Bridging the Gap between Different Vocabularies for LLM Ensemble
Yangyifan Xu, Jinliang Lu, Jiajun Zhang
TL;DR
EVA tackles the challenge of ensembling heterogeneous LLMs whose vocabularies differ by learning cross-model vocabulary alignments from overlapping tokens and projecting per-model output distributions into a shared space for fine-grained, token-level ensembling. It introduces a three-step noise reduction process and a filtering strategy to exclude unfaithful models, enabling robust combination at each generation step without task-specific fusion models. Empirical results across commonsense and arithmetic reasoning, machine translation, and data-to-text generation show EVA outperforms individual models and several baselines, with notable gains on GSM8K and broad cross-task improvements.
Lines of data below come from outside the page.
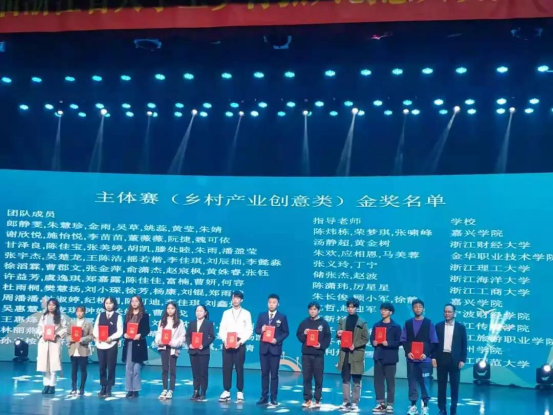 徐滔霖、曹郡文、张金萍、俞潇杰、赵宸枫、黄姝睿和张钰团队。其项目“鱼美人——激发小展乡村振兴内生动力的金钥匙”荣获金奖。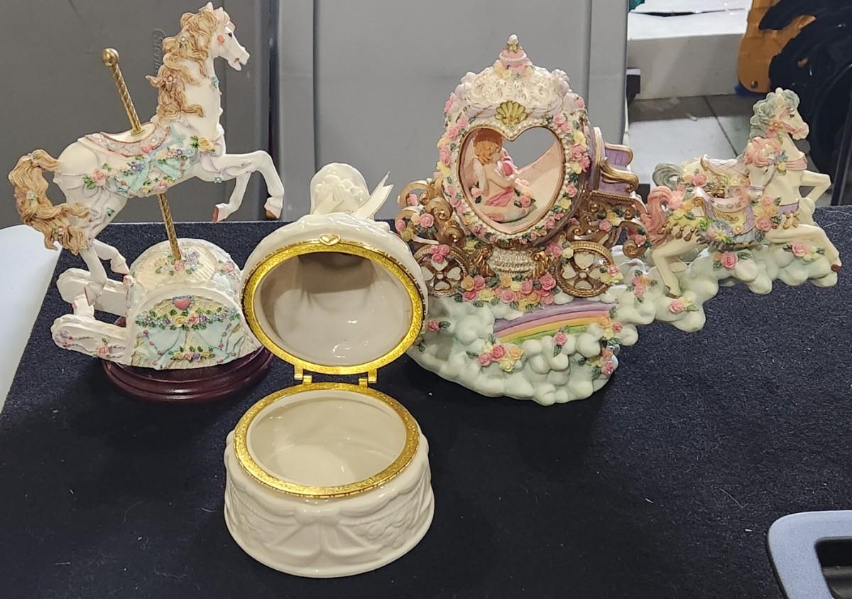 Vintage Resin Rocking Carousel Horse Music Box Sound of Music & Carousel Horse & Carriage Music Box Frank Sinatra. Plus Vintage Angel Jewelry box.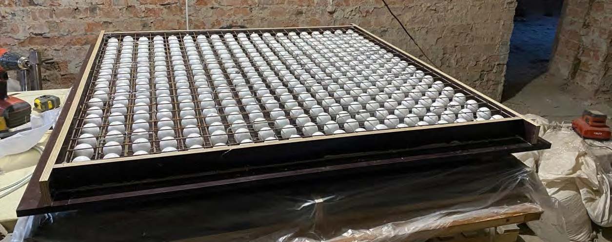 Рис. 1. Общий вид опалубки с установленными сетками нижнего, верхнего армирования и сферическими пустотообразователями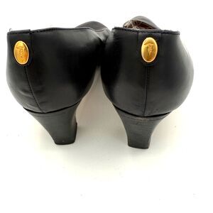 Trussardi Black Leather Pumps Made In Italy Block Heels Women's EU 38.5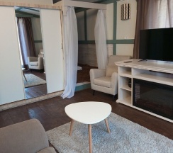 Не понравилось: Вода на кухне была отключена ( но это быстро включили), на 4-ж человек - всего 1 рулон туалетной бумаги ( но у нас все было с собой)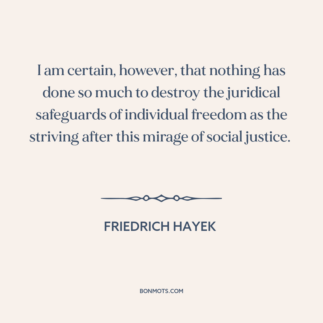 I am certain, however, that nothing has done so much to destroy the juridical safeguards of individual freedom as the striving after this mirage of social justice.

The approach is model-agnostic, relies on a single projection matrix, and scales to diverse vocabularies, offering practical benefits for leveraging multiple LLMs in real-world settings.
Abstract
Ensembling different large language models (LLMs) to unleash their complementary potential and harness their individual strengths is highly valuable. Nevertheless, vocabulary discrepancies among various LLMs have constrained previous studies to either selecting or blending completely generated outputs. This limitation hinders the dynamic correction and enhancement of outputs during the generation process, resulting in a limited capacity for effective ensemble. To address this issue, we propose a novel method to Ensemble LLMs via Vocabulary Alignment (EVA). EVA bridges the lexical gap among various LLMs, enabling meticulous ensemble at each generation step. Specifically, we first learn mappings between the vocabularies of different LLMs with the assistance of overlapping tokens. Subsequently, these mappings are employed to project output distributions of LLMs into a unified space, facilitating a fine-grained ensemble. Finally, we design a filtering strategy to exclude models that generate unfaithful tokens. Experimental results on commonsense reasoning, arithmetic reasoning, machine translation, and data-to-text generation tasks demonstrate the superiority of our approach compared with individual LLMs and previous ensemble methods conducted on complete outputs. Further analyses confirm that our approach can leverage knowledge from different language models and yield consistent improvement.